European avian-like swine strains also show changes in or near mapped antigenic site regions in human H1, as previously reported (4). Most of these changes are in or near the mapped Ca and Sb antigenic regions (6, 37). These viruses also lose two potential N-linked glycosylation sites which are conserved in avian H1 sequences and the 1918 virus (38). In more recent strains, residues 104 to 106 (NGT) become NGA, and in most European avian-like swine strains, residues 304 to 306 (NSS) become NSN. However, these strains gain two potential glycosylation sites at residues 212 to 214, where ADA becomes NHT (in the antigenic Sb region), and at residues 291 to 293, where NCD becomes NCT in most strains.
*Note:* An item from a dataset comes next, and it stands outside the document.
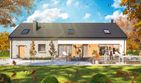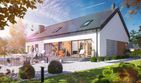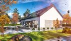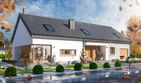 Graficzne opracowanie rzutów poglądowych widocznych na karcie projektu zostało wykonane przez Extradom.pl. Prezentowane przez Extradom.pl wizualizacje wykonane zostały przez autora projektu i należy poczytywać je jedynie za przykład i propozycję wykończenia, wizję architektoniczną autora projektu. Ostateczne wykończenie budynku może nastąpić na wiele sposobów. Szczegółowe rozwiązania zastosowane w oferowanej dokumentacji - w tym również ilość, lokalizacje i wygląd okien, drzwi, kominów - mogą w niewielkim stopniu różnić się od prezentowanej wizualizacji budynku.

The neuraminidase (NA) of the European avian-like swine strains maintains the 15 conserved amino acids making up the active site of the enzyme (8), and no mutations associated with NA inhibitor resistance are observed. The NA also maintains the full-length stalk and the seven potential N-linked glycosylation sites predicted for the 1918 influenza virus (41). Some European avian-like swine strains gain an additional potential glycosylation site at residues 386 to 388, where SFS becomes NFS or NYS.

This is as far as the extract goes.